Genetic studies reveal the role of the endocrine and metabolic systems in aging

Abstract

Aging is a natural process that involves a general decline in many physiological functions, resulting in loss of function and eventually death. Extensive research is being performed in order to elucidate the biology of aging, especially with the advent of newer molecular and genetic methodologies. The endocrine system plays a major role in orchestrating cellular interactions, metabolism, growth, and senescence. Thus, researchers traditionally used hormones as tools to induce and examine specific biological effects that are associated with aging. Furthermore, because our recent knowledge on hormonal action expanded significantly, downstream pathways and genetic determinants currently prevail in aging research. In this review, we will summarize the effects of several hormones on human aging and longevity and present recent data from the Longevity Genes Study performed at Albert Einstein College of Medicine, looking at the phenotype and genotype of centenarians and their offspring. We will demonstrate that genetic factors that are associated with human longevity are heritable and may contribute not only to quantitative longevity but also to protection from age-dependent disease and exceptional good health.

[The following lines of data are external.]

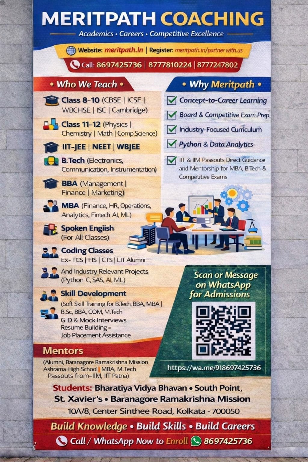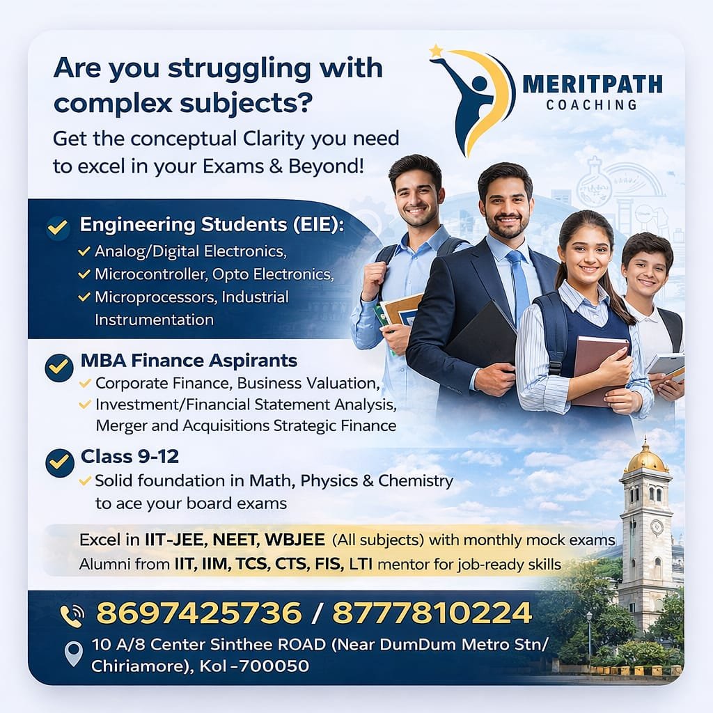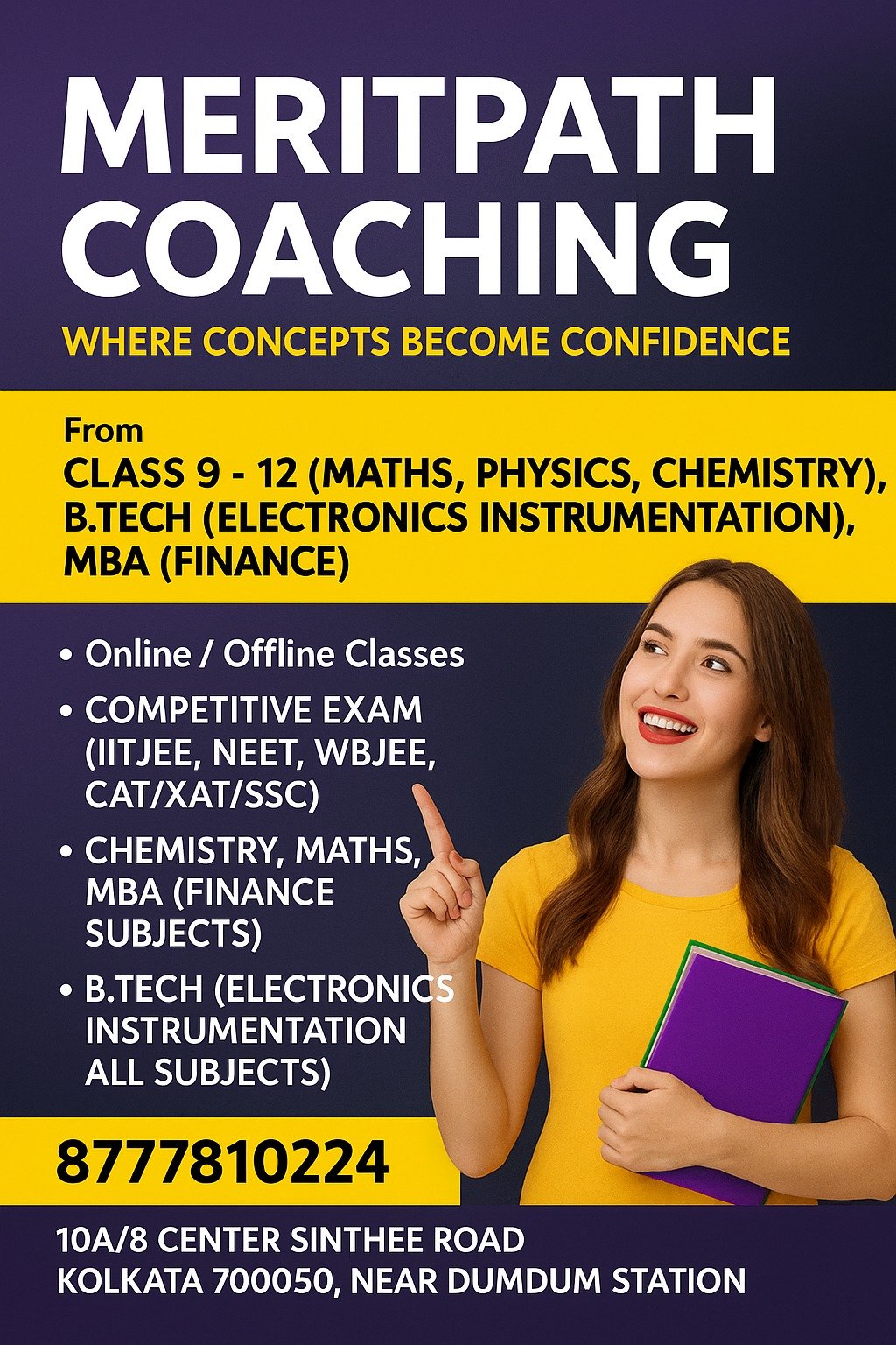 Meritpath Coaching is a premier coaching center located in Sinthee, Kolkata. We specialize in providing expert guidance to students from Class 8 to 12, as well as those preparing for competitive exams like IIT-JEE, NEET, B.Tech, BBA, and MBA. Our institute is renowned for its concept-driven learning approach, which is designed to enhance academic performance and support career aspirations. With a team of experienced educators, we offer personalized mentoring and structured preparation to help students achieve their goals. Trust Meritpath to provide quality education and a pathway to success.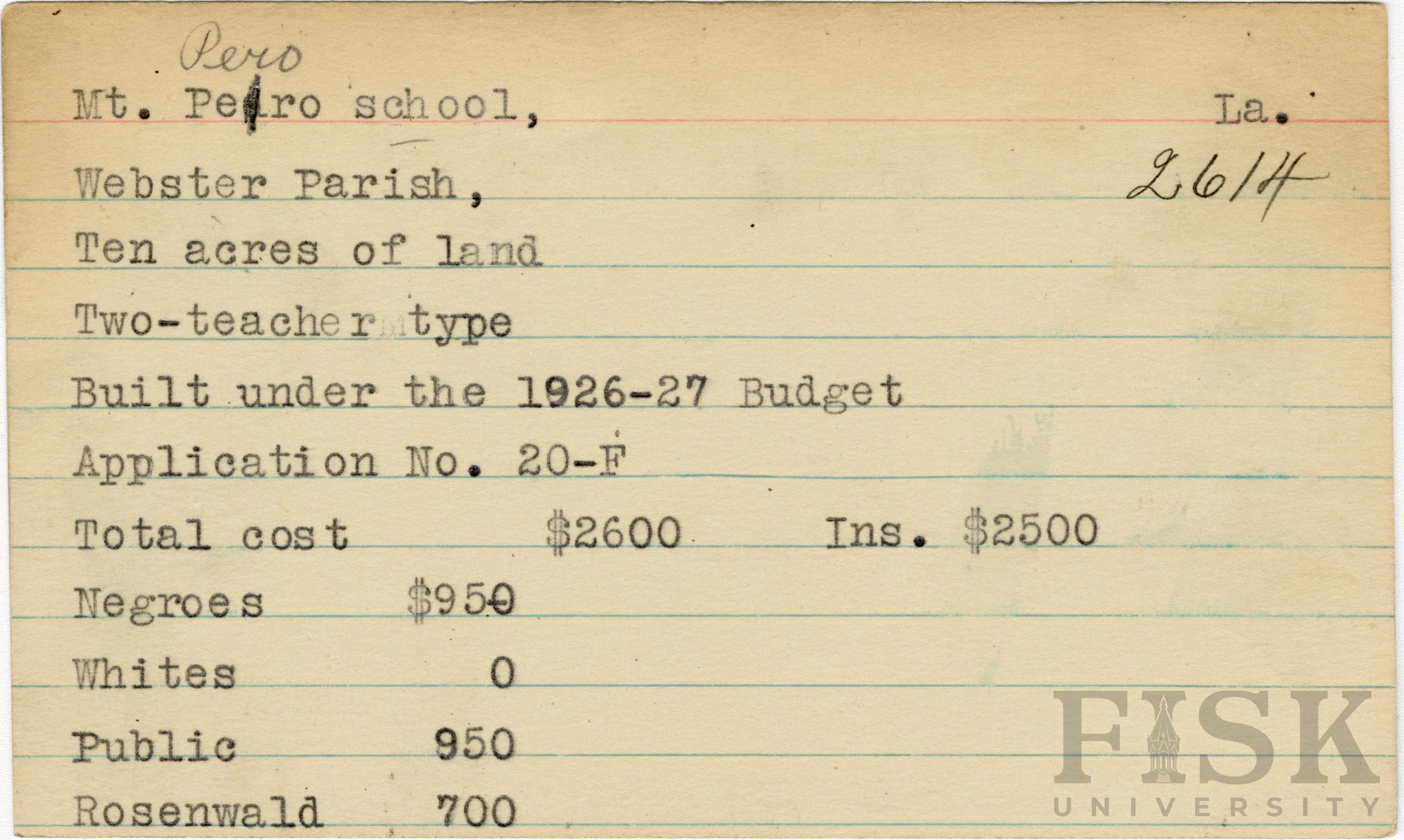 School card from the Rosenwald Fund for Mt. Pero School in Webster Parish, Louisiana with a section added to the budget contributions that says, "Ins. $2,500"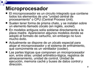 El documento describe los componentes y la historia del microprocesador. Explica que el microprocesador es un circuito integrado que contiene los elementos de una unidad central de procesamiento. Describe las partes lógicas que componen un microprocesador como la unidad aritmético-lógica, registros de almacenamiento y unidades de control y ejecución. También explica cómo funciona un microprocesador al ejecutar instrucciones almacenadas en la memoria principal.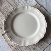 フランス東部の名窯サルグミンヌによる、やわらかなアイボリーカラーの無地の花リムプレートです。縁にスカラップ装飾が施されたシンプルなフォルムは、使い勝手が良く、日常の食卓にも特別なシーンにもよく馴染みます。広い世代に人気のある花リムプレート、状態の良いものはなかなかレアなのでこの機会にどうぞ!

Trial registration: ClinicalTrials.gov NCT00707694.

Figure 1

Possibilities for changes in frequency of a functional genotype with age. Green line represents “Longevity genes”—genotype in a gene that contributes to longevity and protection against some age-related diseases. Red line represents “Killing-genes”—the relative prevalence of deleterious genotypes in genes associated with age-related diseases decreases as the population ages, as mortality reduces the proportion of individuals carrying this deleterious genotype. Black line represents the majority of the genes with SNPs whose frequency is not changing with aging in this cross-sectional analysis.

Figure 2

The basal frequency and trends of favorable longevity genotypes with aging. APOC-3, Genotype apolipoprotein C-3; CETP, homozygosity genotype in cholesterol ester transfer protein; ADIPOQ, del/del deletion homozygosity in the 3″ untranslated region adiponectin gene; FOXO3A, T genotypes in the FOXO 3A gene; TSH-R, genotypes in the TSH receptor gene; and IGF-IR, genotypes in the IGF-IR gene.

Figure 3

Manhattan plot of GWAS of Ashkenazi Jewish centenarians and controls. GWAS of 364 centenarians and 251 controls (about 70 yr of age, from the same geographical area and the same ethnic background), using Affymetrix 6.0 genome-wide chips. The chips contain probes for 906,600 SNPs and 946,000 CNVs. The resulting data set includes (complying with institutional review board specifications) age, gender, SNP, and CNV genotype results as well as results from the statistical analysis. The GWAS data on SNPs are visualized in the form of a Manhattan plot, with each dot indicating a different variant (with chromosomes colored). The SNPs of genome-wide significance form Bonferroni-corrected peaks with P value < 10⁻⁷.